C. antiquaとAlteromonas sp.Dとの共培養

以上の実験結果から、Alteromonas sp. Dの殺藻作用の少なくとも一部は、化合物1〜4に起因することが強く示唆されたが、これらの化合物は実際の海洋環境とは全く異なる培養条件で生産されたものでした。そこで、微細藻類が繁殖する環境に近い条件下で、questiomycinの生産とその殺藻作用について検証を行いました。C. antiquaをAlteromonas sp. Dと共培養し、過剰な栄養分を含まない改良SWM-3培地で培養しました。植え付け2日後、ほとんどの藻類細胞は死滅し、フラスコの底に沈殿したが、D株を含まないC. antiquaの培養物は正常な成長を示しました。

上記の共培養培地と藻類細胞の抽出物をLC-MS分析した結果、藻類が繁殖している海水と同様の条件で、確かに化合物1が生成していることが確認されました（図3）。ただし、その計算濃度は 0.31 ng/mL (1.46 nM) であり、化合物 1 の LC₅₀ 値の約 400 倍でした。なお、この実験では他のquestiomycin 2-4 は検出されていません。
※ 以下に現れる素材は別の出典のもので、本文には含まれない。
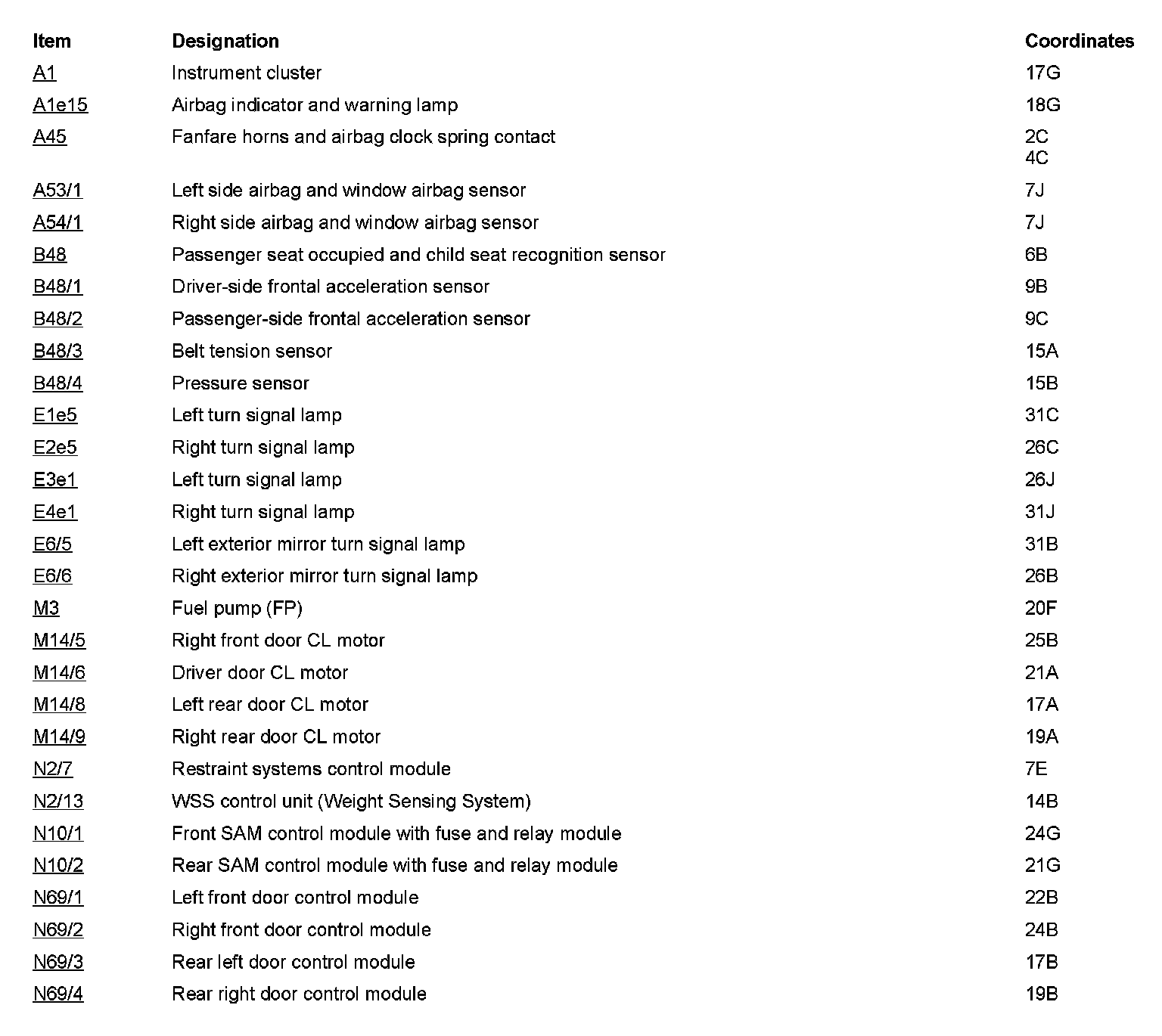 Component Description/Coordinates, A1 To N69/4:

藻類の初期密度や培養期間が異なるため、2つの実験における1の活性を直接比較することはできないが、濃度の大きな差は、1の作用のメカニズムに何らかの洞察を与えるものであると考えられます。

図3. D株を含まないC. antiqua培養物（黒）、共培養物（ピンク）、questiomycin A（1）標準品（青）の抽出液のLC-MSクロマトグラム。共培養培地中の化合物 1 の計算濃度は 0.31 ng/mL であった。

そこで、上記実験におけるLC₅₀値と1の検出濃度の有意差は、Alteromonas sp. Dがquestiomycic以外の殺藻性物質を生産したため、あるいはD株が微細藻類に接近して1を生産し、1の局所作用により藻類細胞が溶解したためと推測されました。後者の場合，Alteromonas sp. Dは藻類に接触したときのみC. antiqua を殺すことができるが，半透膜で藻類と分離した状態では殺すことができません。この考えを検証するため、C. antiquaとD株を分離膜の有無にかかわらず共培養し（図4）、条件Aでは細菌と藻類が物理的・化学的に自由に接触できるのに対し、条件Bでは生物間で化学的接触のみが可能であることを確認しました。菌の接種から7日後、条件AのウェルではC. antiquaの細胞はすべて溶解したが、条件Bの細胞は生存していました（図4）。LC-MS分析の結果、条件-A培地中の1の濃度は1.5 nMであり、前回の共培養実験とほぼ同じであったが、条件-B培地中の1は検出限界以下であり、分離培養ではquestiomycinが全くあるいは微量に生成されたことが示されました。

図4. 分離しない場合（A）とフィルターで分離した場合（B）のAlteromonas sp. D とC. antiqua  の共培養（ポアサイズ0.4μmの膜を使用）

これらの結果は、代替殺藻性分子の存在の可能性を否定するものではないが、貧栄養環境下で微細藻類と殺藻性細菌が物理的に接触することが、questiomycinのような殺藻性分子を生成する一つのきっかけとなり、接触した細胞を殺すには、わずかな量の殺藻化合物で十分だという考えを強く支持するものです。この仕組みは、藻類を殺す細菌にとってはコスト的に有利であり、また、環境中に広がる毒性分子が少ないため、HABの予防に利用する上でも有益であると思われます。questiomycinの殺藻活性のメカニズムや、本菌の殺藻性分子の生合成制御については、今後解明すべき興味深い問題です。また、実際の環境下におけるquestiomycinの存在と機能についても調査する必要があります。しかし、今回得られた、藻類を殺す細菌に含まれる殺藻性分子の同定は、HABで起こる化学生態学的現象のさらなる理解に大いに役立つと思われます。